The problem —
In the data below, find the line with "La baleine turquoise" and the line with "Andouille sausage, shrimp, chicken, Roma", then restate both and every line between them exactly, minus the pictures.

------ Material provided

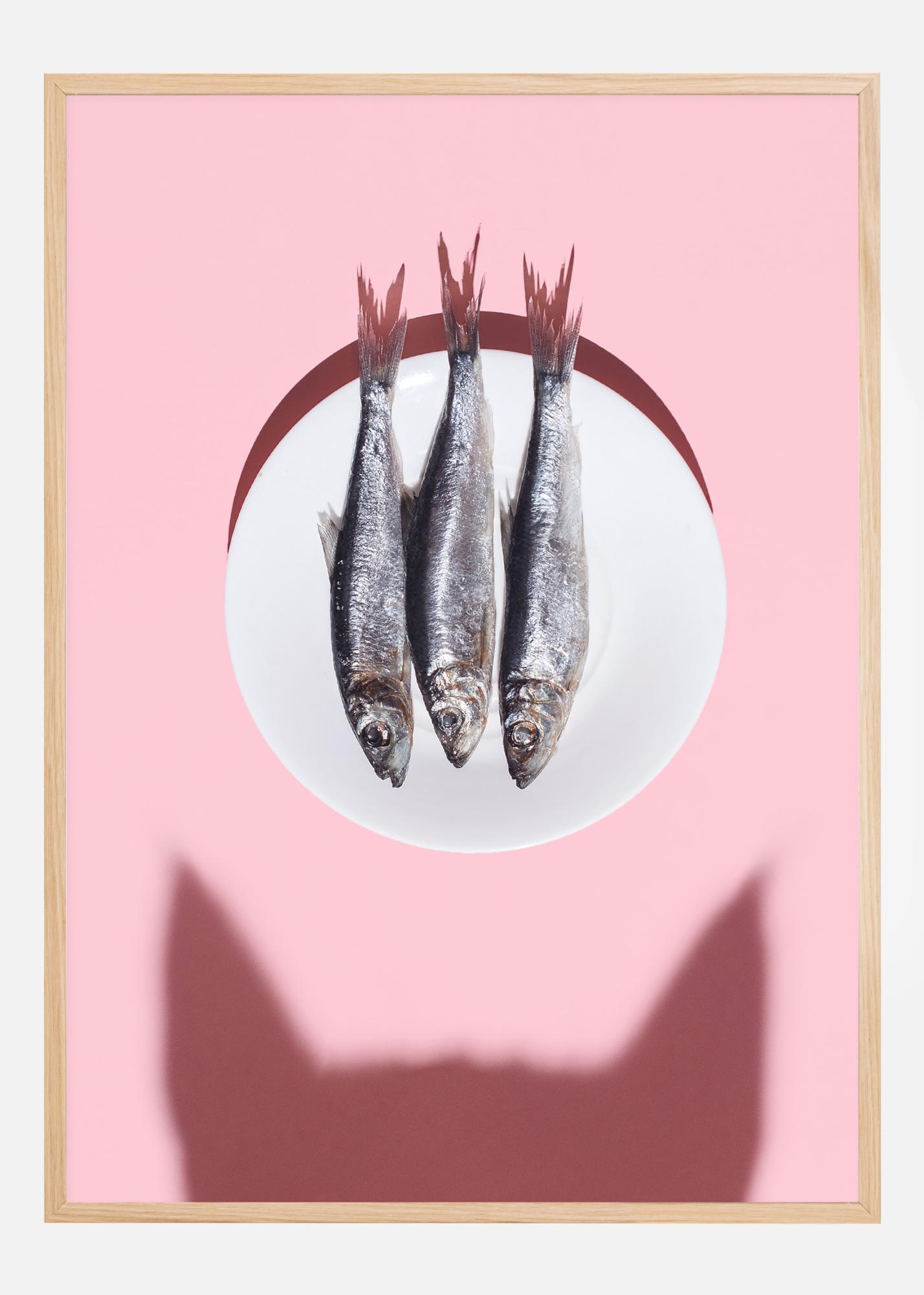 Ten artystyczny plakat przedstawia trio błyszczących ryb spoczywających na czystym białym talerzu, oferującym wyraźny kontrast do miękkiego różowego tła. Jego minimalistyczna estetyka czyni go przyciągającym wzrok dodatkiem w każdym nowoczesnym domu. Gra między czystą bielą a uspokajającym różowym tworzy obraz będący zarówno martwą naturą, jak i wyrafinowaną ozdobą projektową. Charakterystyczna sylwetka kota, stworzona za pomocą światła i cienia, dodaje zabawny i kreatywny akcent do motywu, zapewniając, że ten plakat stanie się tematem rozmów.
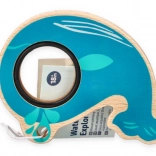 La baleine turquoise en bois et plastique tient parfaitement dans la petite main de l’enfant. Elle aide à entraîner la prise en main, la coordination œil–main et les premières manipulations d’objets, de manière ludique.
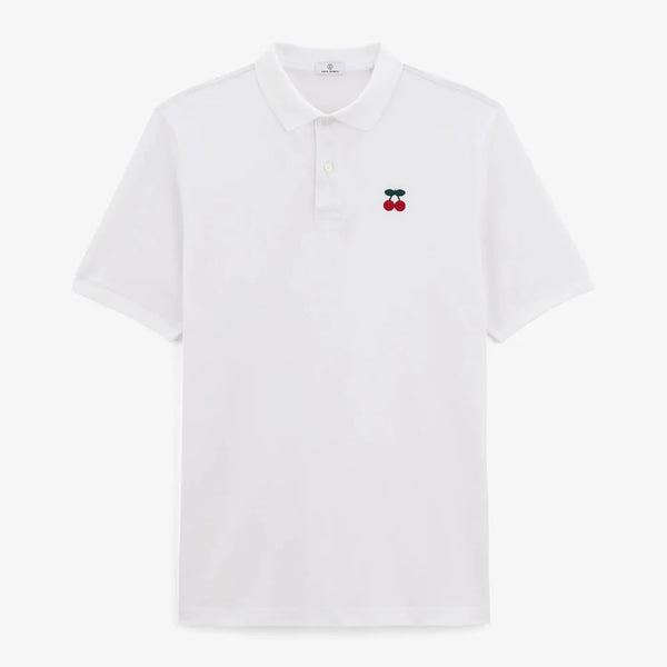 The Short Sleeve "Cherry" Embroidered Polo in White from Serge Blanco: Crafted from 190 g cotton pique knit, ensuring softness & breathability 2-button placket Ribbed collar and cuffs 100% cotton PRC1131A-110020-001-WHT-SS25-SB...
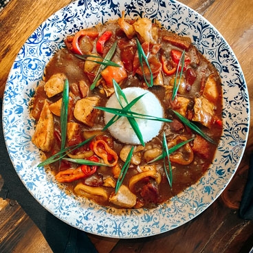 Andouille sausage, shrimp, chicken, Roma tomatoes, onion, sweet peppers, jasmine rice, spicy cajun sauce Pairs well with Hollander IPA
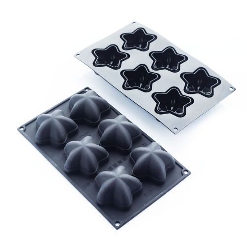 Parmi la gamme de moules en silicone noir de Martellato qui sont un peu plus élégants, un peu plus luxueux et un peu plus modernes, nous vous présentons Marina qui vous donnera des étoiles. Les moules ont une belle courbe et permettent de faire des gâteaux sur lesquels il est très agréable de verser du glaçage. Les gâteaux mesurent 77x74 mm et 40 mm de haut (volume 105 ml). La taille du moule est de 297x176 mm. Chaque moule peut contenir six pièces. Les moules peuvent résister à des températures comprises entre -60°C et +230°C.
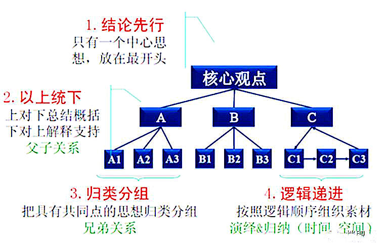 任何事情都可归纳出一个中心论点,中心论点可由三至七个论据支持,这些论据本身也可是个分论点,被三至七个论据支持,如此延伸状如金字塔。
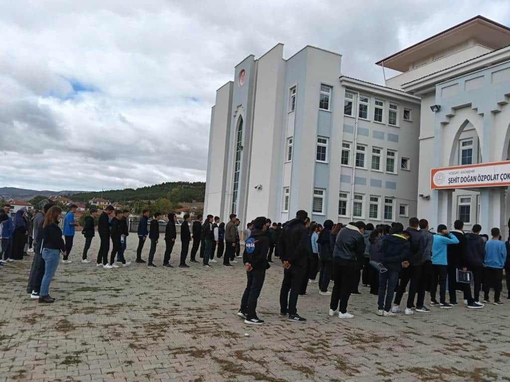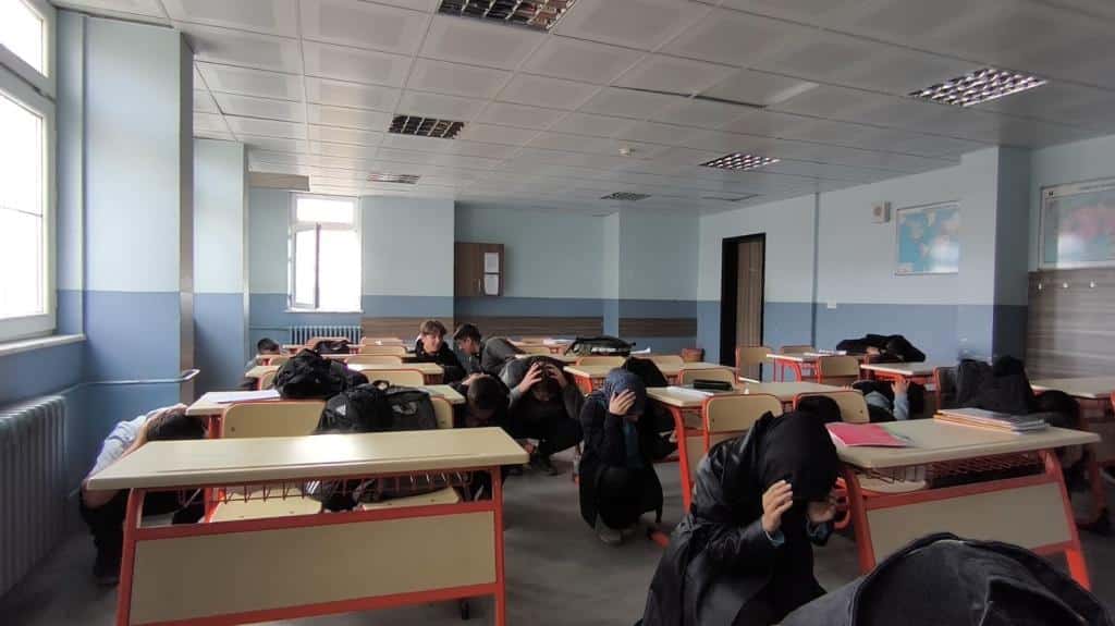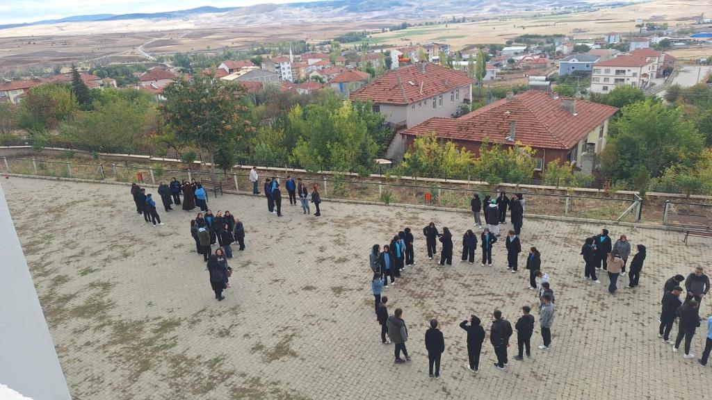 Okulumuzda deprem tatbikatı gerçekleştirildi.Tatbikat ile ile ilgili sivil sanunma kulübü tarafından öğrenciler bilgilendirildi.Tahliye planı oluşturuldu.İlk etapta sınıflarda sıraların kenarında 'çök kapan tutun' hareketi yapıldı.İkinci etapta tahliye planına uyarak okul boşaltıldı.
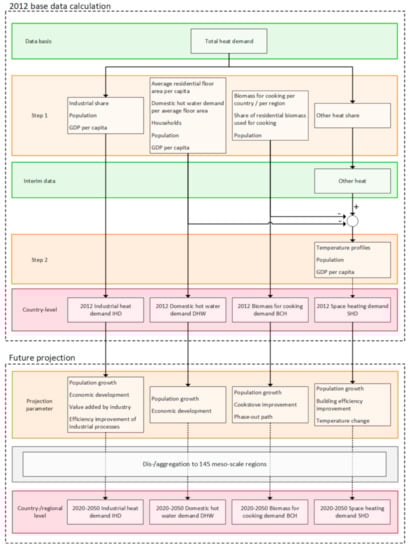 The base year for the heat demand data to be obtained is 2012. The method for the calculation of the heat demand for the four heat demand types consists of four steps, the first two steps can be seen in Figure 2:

------------
------ Material provided

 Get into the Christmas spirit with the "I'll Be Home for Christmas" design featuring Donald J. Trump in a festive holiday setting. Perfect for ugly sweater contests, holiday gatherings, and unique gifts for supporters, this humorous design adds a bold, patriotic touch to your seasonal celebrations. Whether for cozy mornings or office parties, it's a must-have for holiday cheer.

------------
------ Material provided

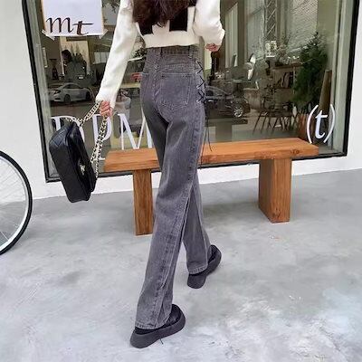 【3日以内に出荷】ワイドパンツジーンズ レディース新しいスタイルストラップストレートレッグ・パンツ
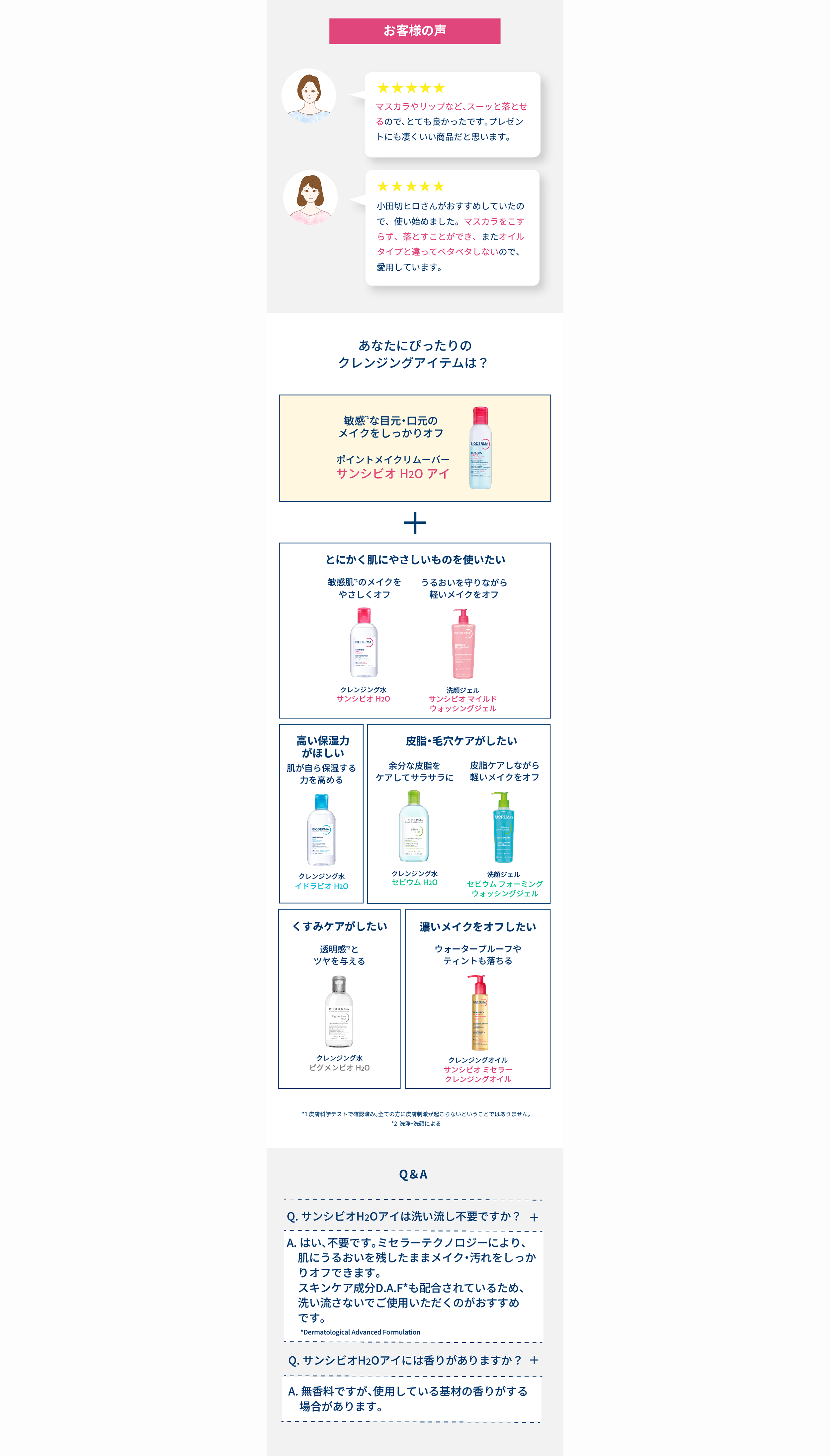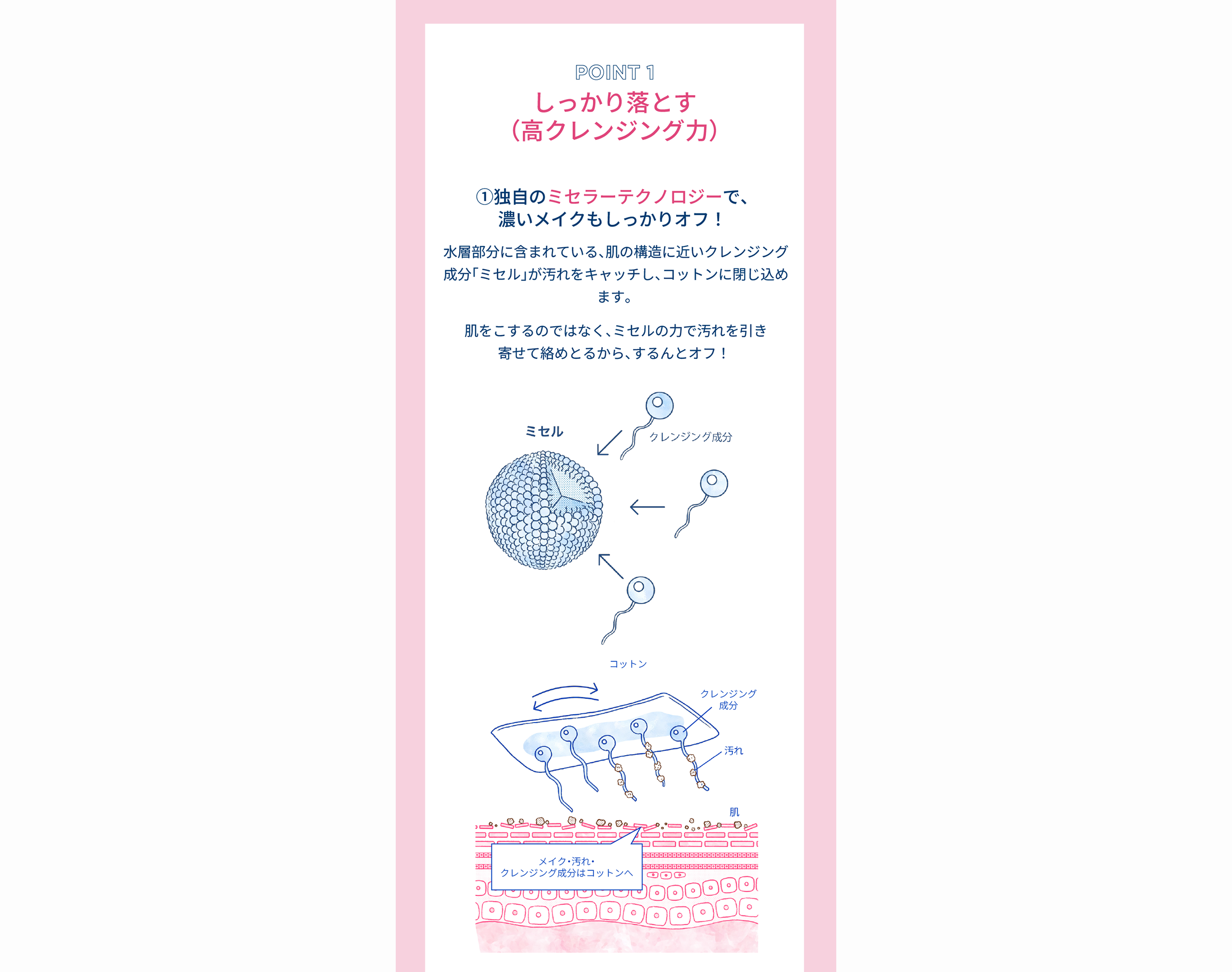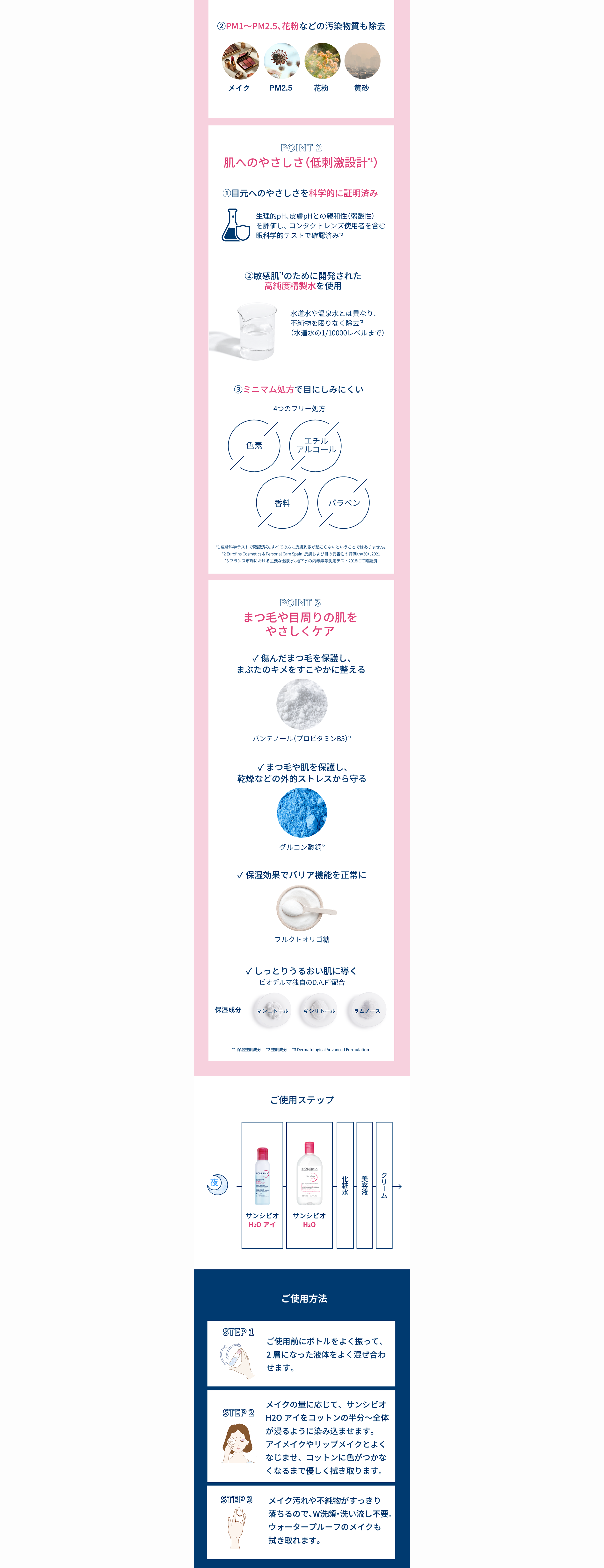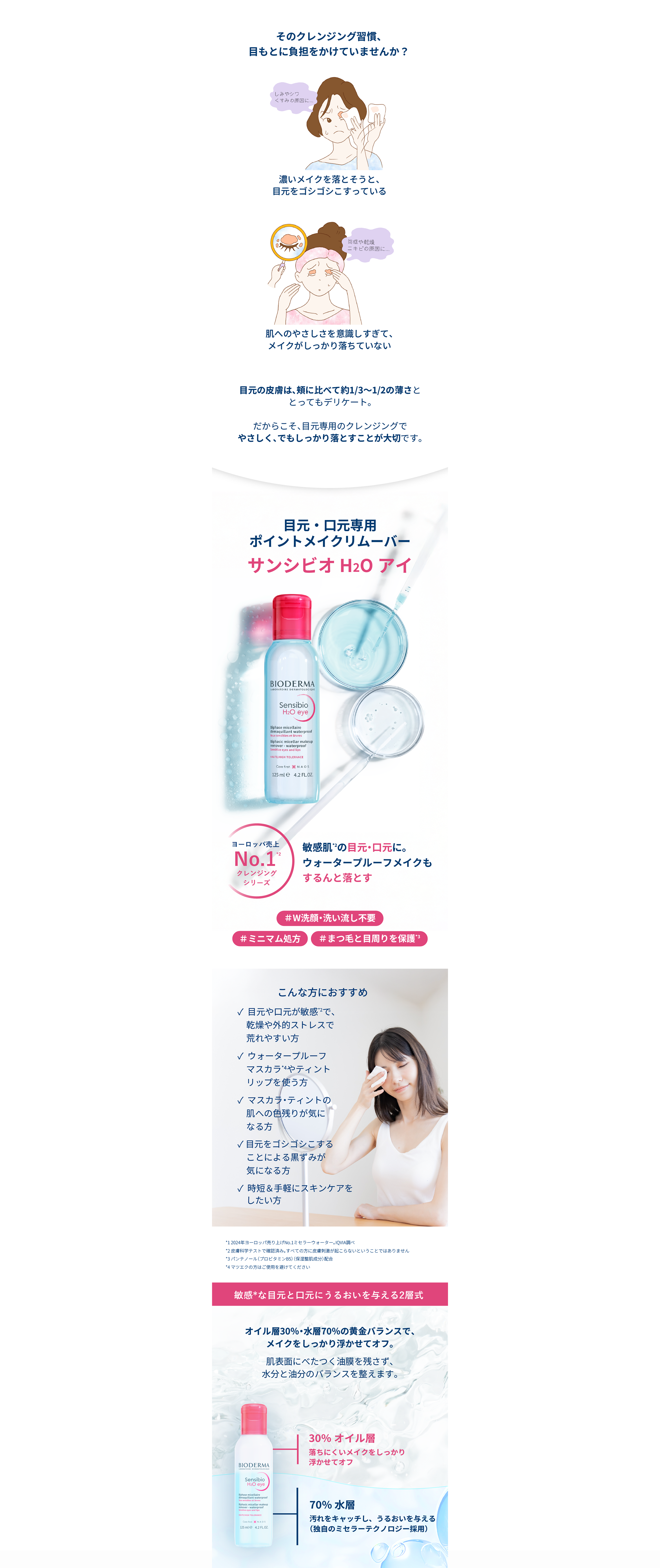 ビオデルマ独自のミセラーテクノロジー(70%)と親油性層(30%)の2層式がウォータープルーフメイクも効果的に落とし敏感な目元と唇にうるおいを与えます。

------------

Written answer —
 La baleine turquoise en bois et plastique tient parfaitement dans la petite main de l’enfant. Elle aide à entraîner la prise en main, la coordination œil–main et les premières manipulations d’objets, de manière ludique.
 The Short Sleeve "Cherry" Embroidered Polo in White from Serge Blanco: Crafted from 190 g cotton pique knit, ensuring softness & breathability 2-button placket Ribbed collar and cuffs 100% cotton PRC1131A-110020-001-WHT-SS25-SB...
 Andouille sausage, shrimp, chicken, Roma tomatoes, onion, sweet peppers, jasmine rice, spicy cajun sauce Pairs well with Hollander IPA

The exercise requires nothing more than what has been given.